Furthermore, the fixing member body includes an outer sleeve and an inner sleeve (not shown in the figures). The inner sleeve is connected to the limiting portion 41, while the outer sleeve defines an accommodation space where the inner sleeve is slidably inserted. The outer sleeve also defines a limiting hole communicating with the accommodation space, and the inner sleeve includes a protruding button for engaging with the limiting hole. By altering the relative position between the inner sleeve and the outer sleeve, the height of the fixing member body can be adjusted. When the protruding button is accommodated within the limiting hole, the relative position between the outer sleeve and the inner sleeve is fixed. This configuration results in a simple and reliable structure for the fixing member body.

As shown in FIG. 6, in some embodiments, the workpiece 200 may be in contact with the supporting member 10. The relative position between the workpiece 200 and the supporting member 10 is fixed by the external component 300. For instance, the external component 300 may include a first connecting portion and a second connecting portion, and the locking member 20 is connected to the first connecting portion. After positioning the workpiece 200 on the supporting member 10, the second connecting portion is connected to the first connecting portion.
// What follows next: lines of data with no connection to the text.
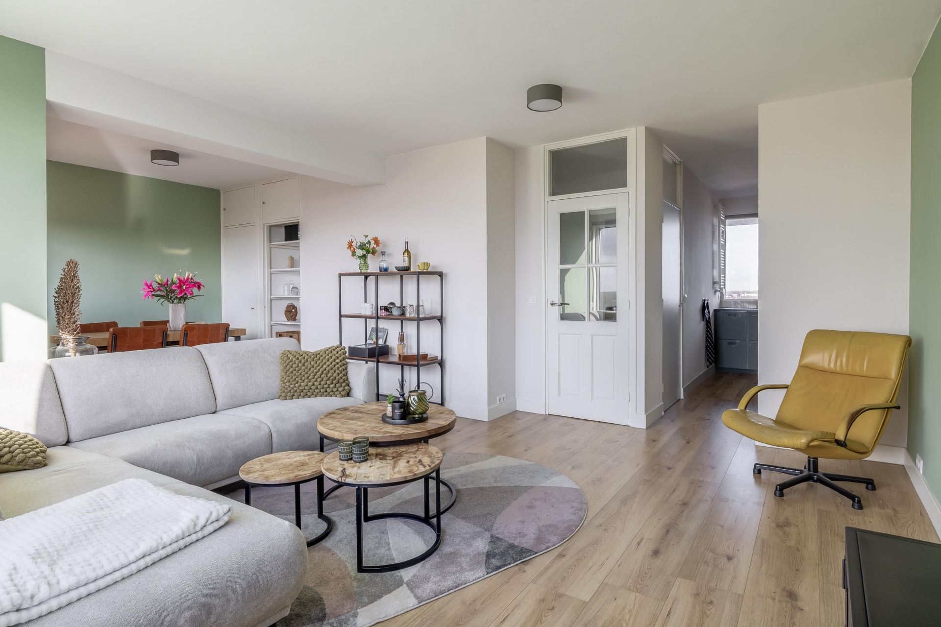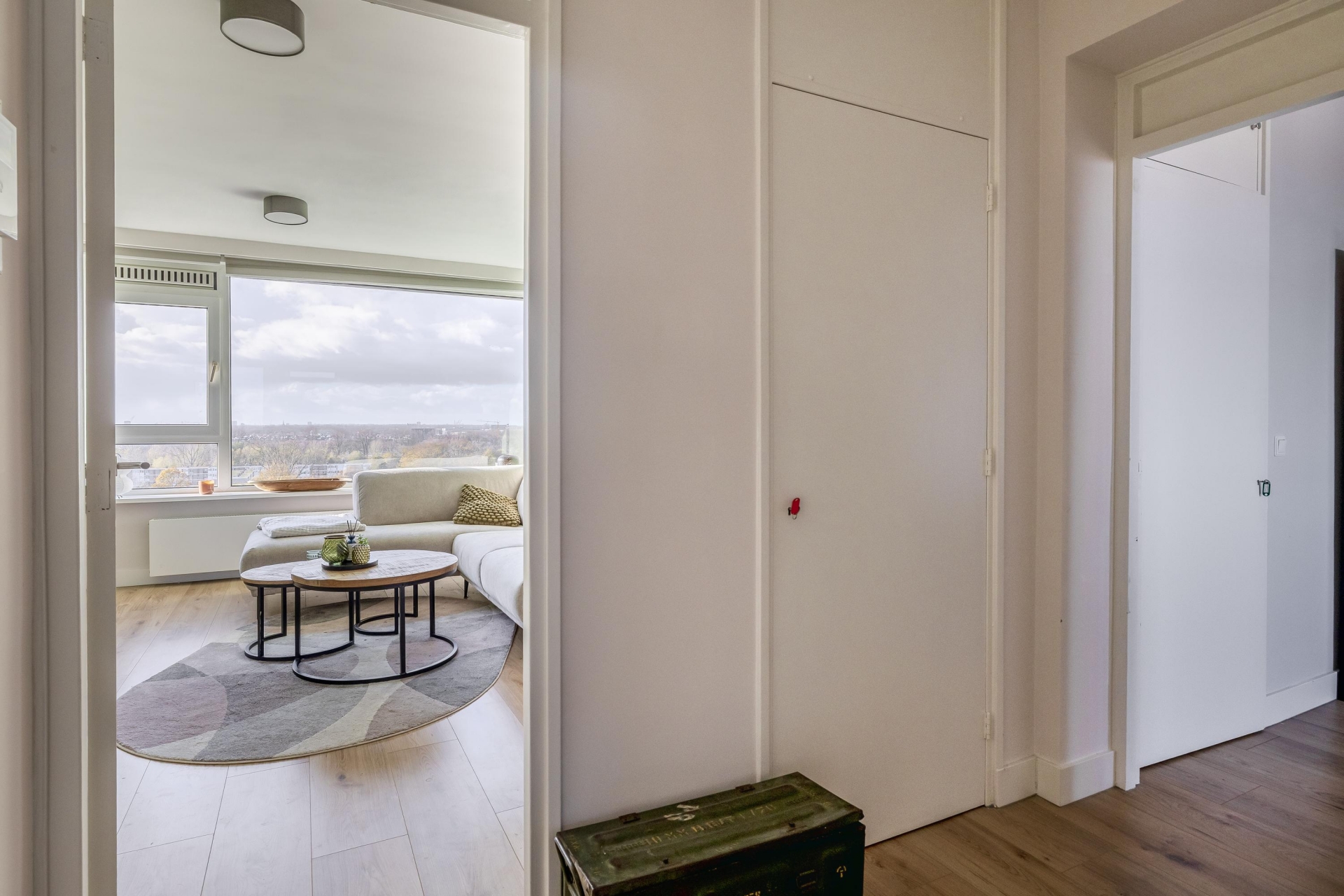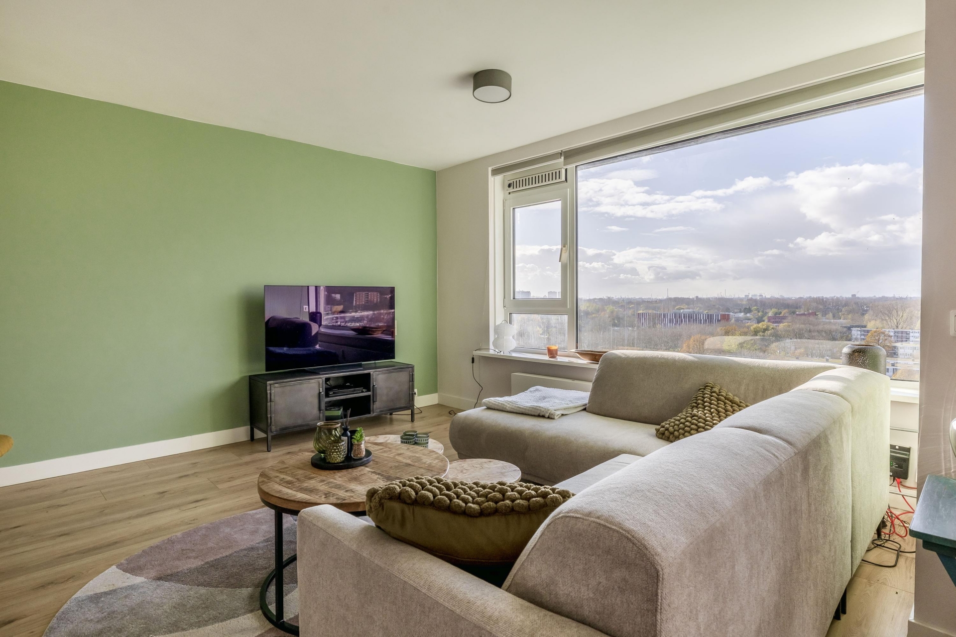 LICHTE WOONKAMER MET UITZICHT OVER DE STAD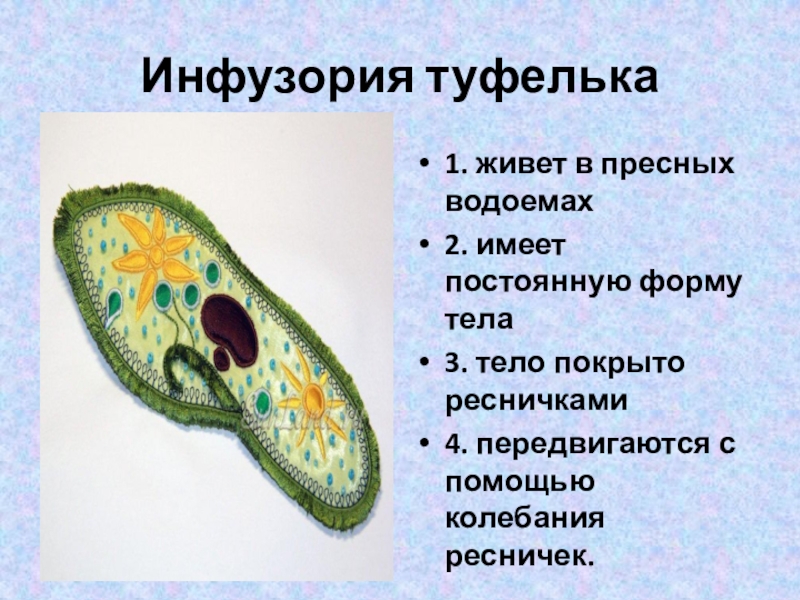 Инфузория туфелька1. живет в пресных водоемах2. имеет постоянную форму тела3. тело покрыто ресничками4. передвигаются с помощью колебания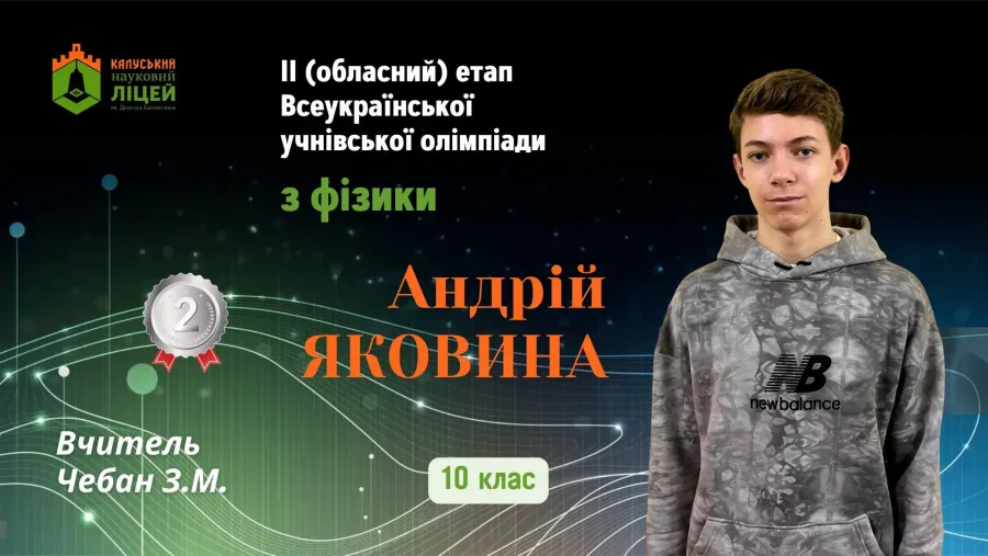 - ІІ місце зайняв учень 10-А класу Андрій Яковина (вчителька Зоряна Чебан).

The second connecting portion is in contact with the workpiece 200 and presses the workpiece 200 against the supporting member 10. Therefore, there is no need to fix the workpiece 200 to the supporting member 10, simplifying the operational steps and enhancing the efficiency of assembling and disassembling the workpiece 200 and the supporting member 10.

In some embodiments, when the workpiece 200 is positioned on the supporting member 10, the workpiece 200 may be electrically connected to the locking member 20. When the locking member 20 engages with the external component 300, the locking element 20 is also electrically connected to the external component 300. This facilitates the electrical connection between the workpiece 200 and the external component 300, reducing the complexity of wiring.

In some embodiments, the workpiece 200 includes a first PIN, and the locking member 20 includes a first contact point. When the workpiece 200 is positioned on the supporting member 10, the first PIN is in contact with and electrically connected to the first contact point, thereby electrically connecting the workpiece 200 to the locking member 20. The locking member 20 also includes a second contact point electrically connected to the first contact point, and the external element 300 includes a second PIN. When the locking member 20 engages with the external component 300, the second PIN is in contact with and electrically connects to the second contact point. The first PIN, the first contact point, the second PIN, and second contact point are structurally simple and easy to manufacture and assemble.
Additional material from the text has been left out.